§ Extracted records
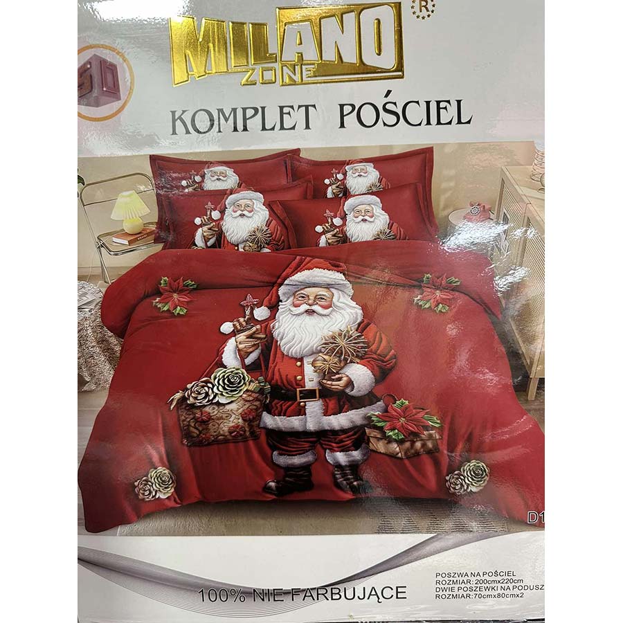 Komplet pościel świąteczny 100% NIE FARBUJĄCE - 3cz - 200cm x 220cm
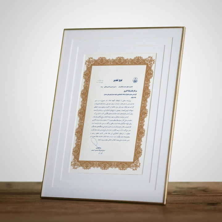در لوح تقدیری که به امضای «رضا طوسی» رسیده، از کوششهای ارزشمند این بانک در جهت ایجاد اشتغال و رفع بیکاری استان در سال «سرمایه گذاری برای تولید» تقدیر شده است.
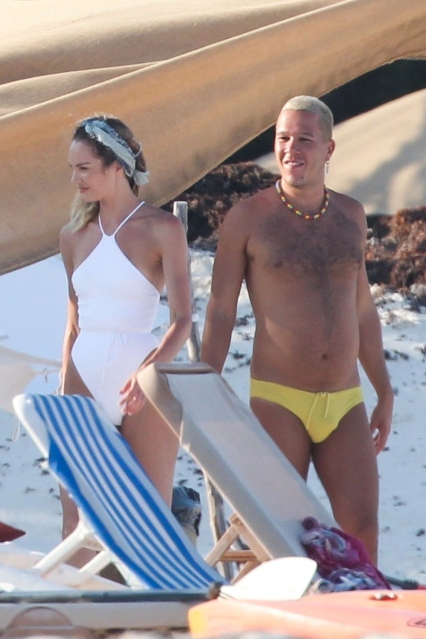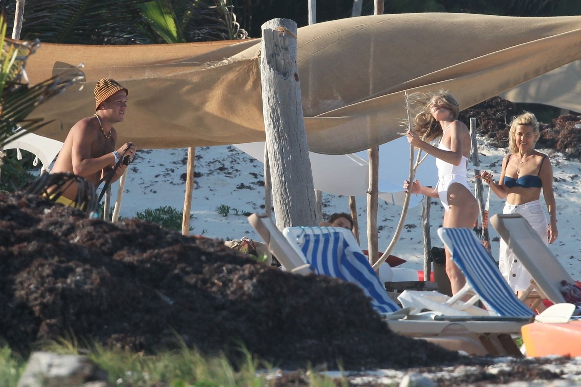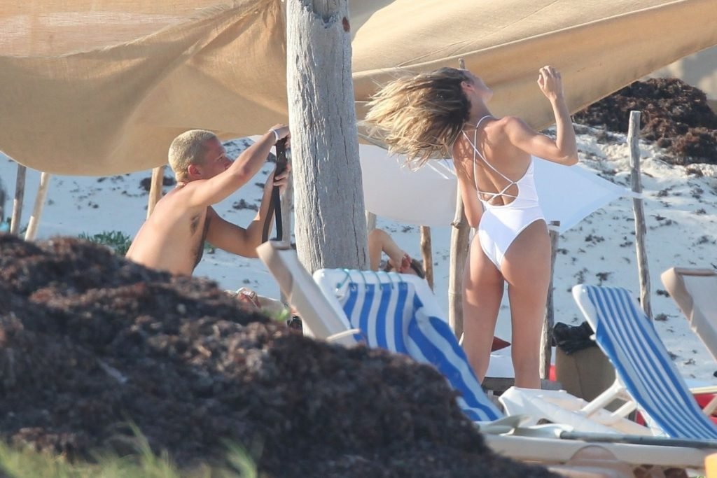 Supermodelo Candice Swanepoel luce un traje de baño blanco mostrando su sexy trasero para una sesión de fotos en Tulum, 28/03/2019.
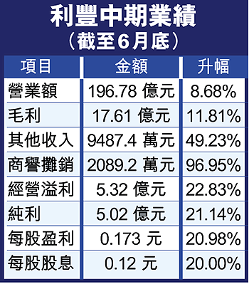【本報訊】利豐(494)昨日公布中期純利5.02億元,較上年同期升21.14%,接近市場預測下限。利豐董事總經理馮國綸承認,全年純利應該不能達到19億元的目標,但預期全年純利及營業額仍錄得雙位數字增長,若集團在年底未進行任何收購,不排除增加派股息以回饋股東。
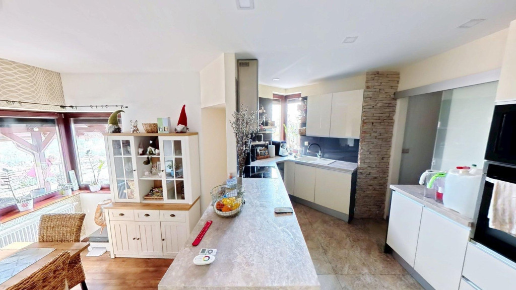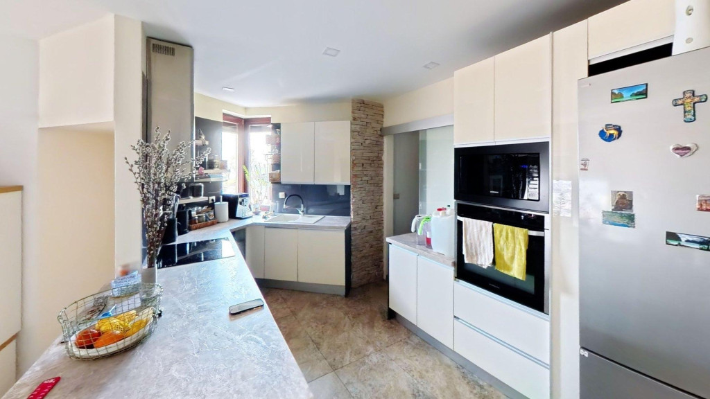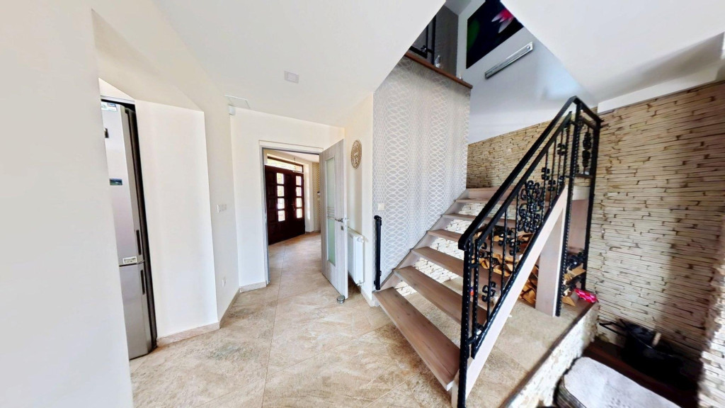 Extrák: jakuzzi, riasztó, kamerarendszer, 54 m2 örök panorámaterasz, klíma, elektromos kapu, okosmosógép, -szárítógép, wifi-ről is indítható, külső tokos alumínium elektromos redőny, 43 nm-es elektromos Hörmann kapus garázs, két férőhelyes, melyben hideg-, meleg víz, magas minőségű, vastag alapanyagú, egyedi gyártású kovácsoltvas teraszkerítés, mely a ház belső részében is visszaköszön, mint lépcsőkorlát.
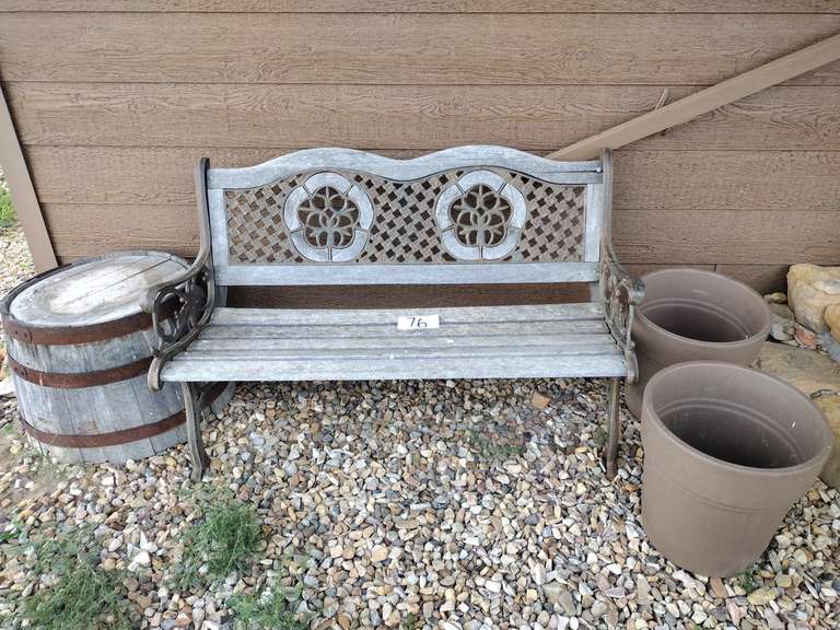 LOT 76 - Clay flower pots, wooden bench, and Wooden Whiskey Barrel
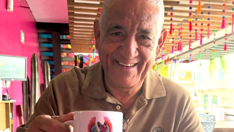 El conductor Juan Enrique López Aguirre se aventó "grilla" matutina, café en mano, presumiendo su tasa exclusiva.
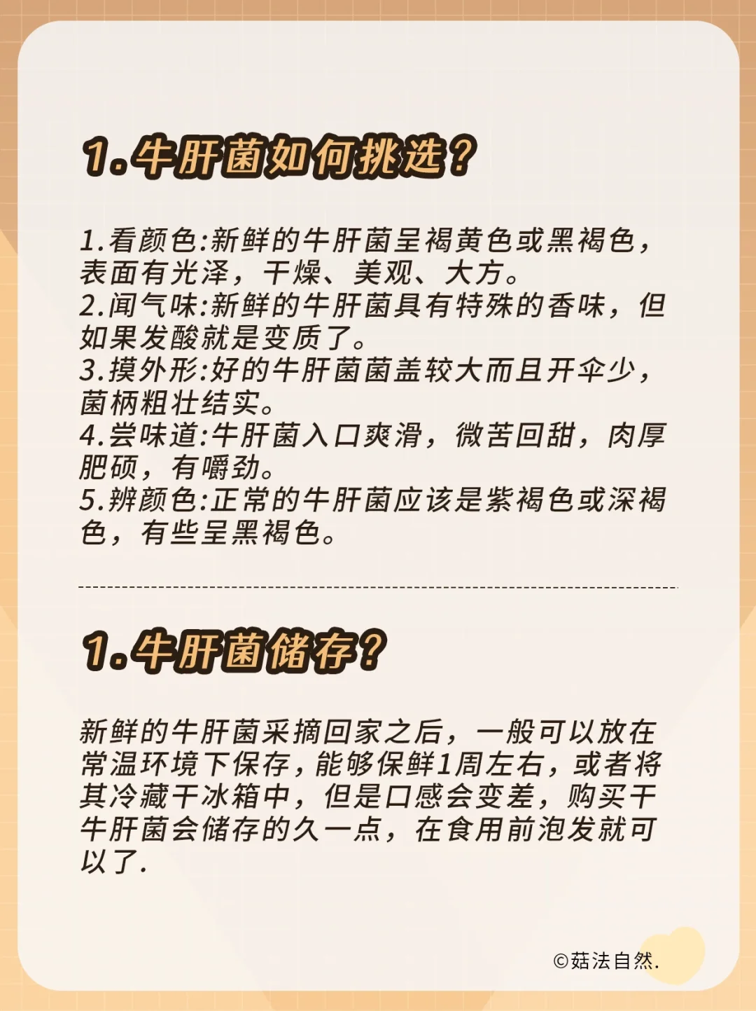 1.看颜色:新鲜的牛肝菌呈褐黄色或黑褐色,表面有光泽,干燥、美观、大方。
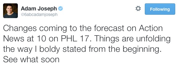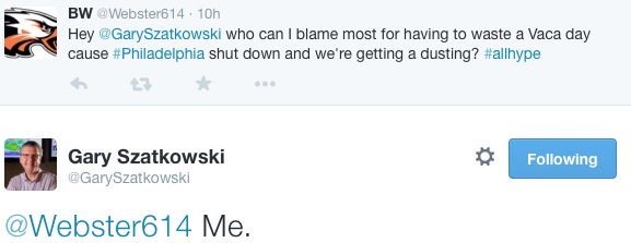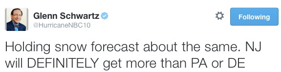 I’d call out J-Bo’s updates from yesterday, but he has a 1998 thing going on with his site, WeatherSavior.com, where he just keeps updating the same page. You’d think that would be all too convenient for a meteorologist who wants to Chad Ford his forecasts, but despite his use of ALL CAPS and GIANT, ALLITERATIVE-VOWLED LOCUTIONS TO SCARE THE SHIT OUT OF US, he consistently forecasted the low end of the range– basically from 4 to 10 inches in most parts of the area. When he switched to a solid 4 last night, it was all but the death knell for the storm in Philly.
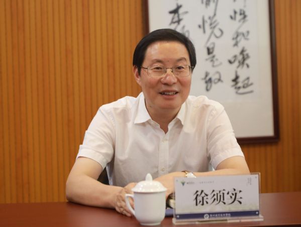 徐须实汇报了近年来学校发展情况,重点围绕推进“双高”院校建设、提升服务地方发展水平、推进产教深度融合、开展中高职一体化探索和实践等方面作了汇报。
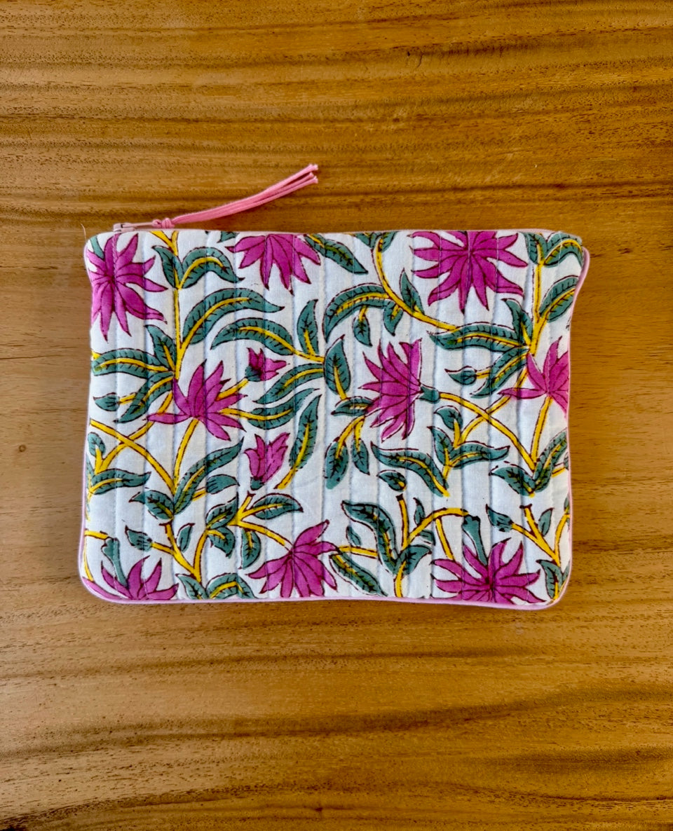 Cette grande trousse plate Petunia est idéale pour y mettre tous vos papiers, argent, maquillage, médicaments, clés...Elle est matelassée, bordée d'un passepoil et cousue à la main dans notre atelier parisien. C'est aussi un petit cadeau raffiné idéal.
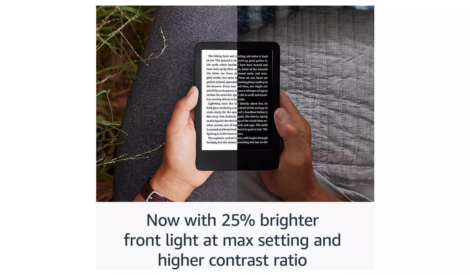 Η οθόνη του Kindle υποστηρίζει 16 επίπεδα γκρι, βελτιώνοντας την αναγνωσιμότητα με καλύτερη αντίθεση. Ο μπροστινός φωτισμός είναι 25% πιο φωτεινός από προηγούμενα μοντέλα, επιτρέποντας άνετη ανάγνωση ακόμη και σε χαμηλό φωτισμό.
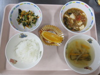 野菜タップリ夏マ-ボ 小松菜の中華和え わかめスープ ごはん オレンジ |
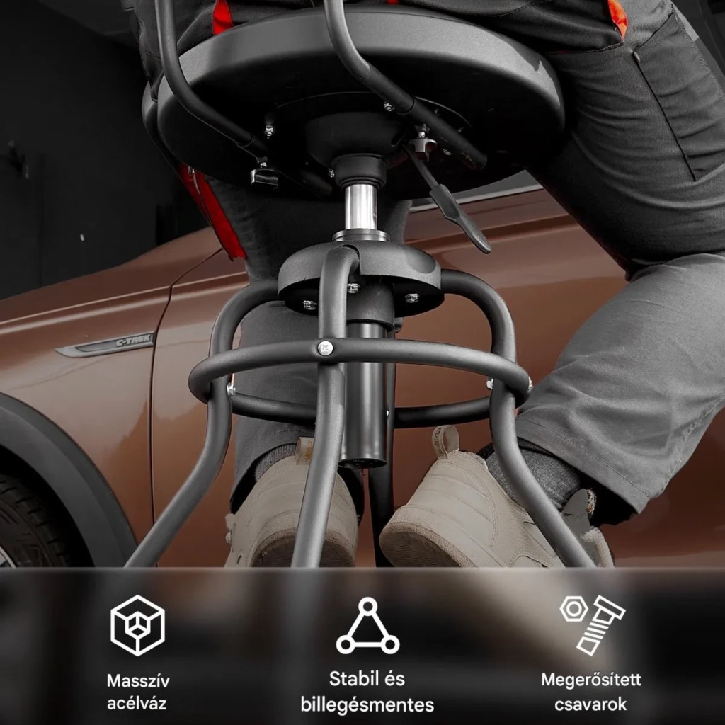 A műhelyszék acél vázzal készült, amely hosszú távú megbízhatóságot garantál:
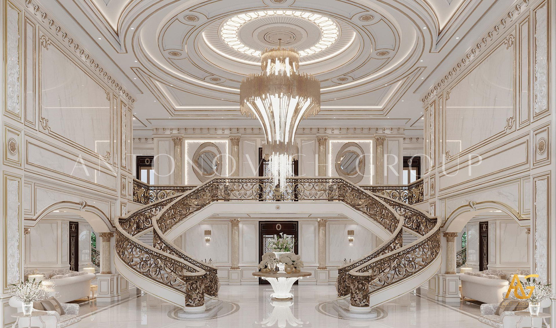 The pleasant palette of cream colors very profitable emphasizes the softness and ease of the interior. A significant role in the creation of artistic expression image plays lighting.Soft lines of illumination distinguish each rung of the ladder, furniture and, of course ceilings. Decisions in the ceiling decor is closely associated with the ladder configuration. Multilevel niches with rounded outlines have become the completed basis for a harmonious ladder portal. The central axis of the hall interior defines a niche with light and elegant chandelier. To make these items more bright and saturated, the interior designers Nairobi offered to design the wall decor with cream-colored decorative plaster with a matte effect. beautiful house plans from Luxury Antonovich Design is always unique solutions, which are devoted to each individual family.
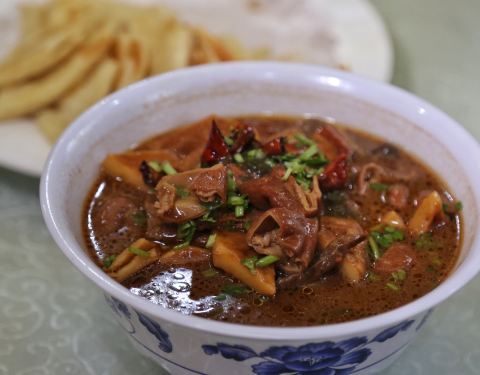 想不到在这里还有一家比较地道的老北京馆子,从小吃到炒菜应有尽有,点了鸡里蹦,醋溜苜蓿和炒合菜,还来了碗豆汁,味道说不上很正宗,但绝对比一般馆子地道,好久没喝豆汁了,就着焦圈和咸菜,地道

§ Task
Please output, exactly as written, the lines above from the one holding "I’d call out" through the one holding "徐须实汇报了近年来学校发展情", both included, with the pictures omitted.

§ Problem solution
 I’d call out J-Bo’s updates from yesterday, but he has a 1998 thing going on with his site, WeatherSavior.com, where he just keeps updating the same page. You’d think that would be all too convenient for a meteorologist who wants to Chad Ford his forecasts, but despite his use of ALL CAPS and GIANT, ALLITERATIVE-VOWLED LOCUTIONS TO SCARE THE SHIT OUT OF US, he consistently forecasted the low end of the range– basically from 4 to 10 inches in most parts of the area. When he switched to a solid 4 last night, it was all but the death knell for the storm in Philly.
 徐须实汇报了近年来学校发展情况,重点围绕推进“双高”院校建设、提升服务地方发展水平、推进产教深度融合、开展中高职一体化探索和实践等方面作了汇报。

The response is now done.